FASTA format

This page describes the format of a file that describes a set of DNA sequences in FASTA format.
We comment on all optional and required fields in case you need to supply such a file as input to MotifSuite.

In MotifSuite, a FASTA file is supplied as input for MotifSampler, MotifLocator, CreateBackgroundModel.
Page contents :
File format
Conversion requirements
Example

FASTA file format

In bioinformatics, FASTA format is a text-based format for representing DNA sequences, in which base pairs are represented using a single-letter code [A,C,G,T,N] where A=Adenosine, C=Cytosine, G=Guanine, T=Thymidine and N= any of A,C,G,T. The format also allows for sequence names and comments to precede the sequences.
A sequence in FASTA format begins with a single-line identifier description, followed by lines of DNA sequence data.
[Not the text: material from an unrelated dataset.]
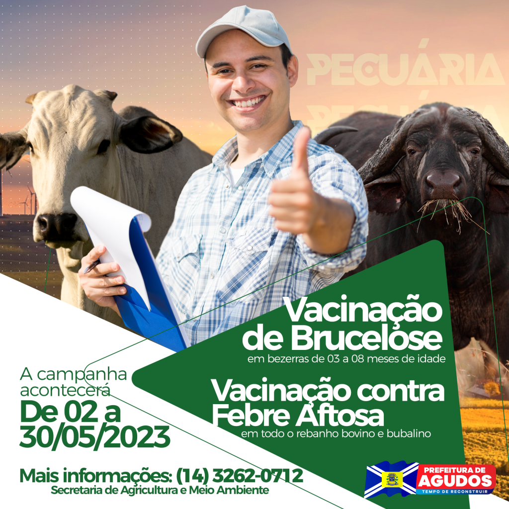 A Secretaria de Agricultura e Meio Ambiente da Prefeitura de Agudos informa que no mês de maio será realizada a campanha de vacinação contra Brucelose em bezerras de 03 a 08 meses de idade e Aftosa em todo rebanho bovino e bubalino do município. A campanha inicia no dia 2 e vai até o dia 30 de maio.

The identifier description line is distinguished from the sequence data by a greater-than ('>') symbol in the first column. The word following the ">" symbol is the identifier of the sequence, and the rest of the line is a description (optional) separated form the identifier by a white space or tab. The sequence data starts on the next line following the text line and ends if another line starting with a ">" appears; this indicates the start of another sequence.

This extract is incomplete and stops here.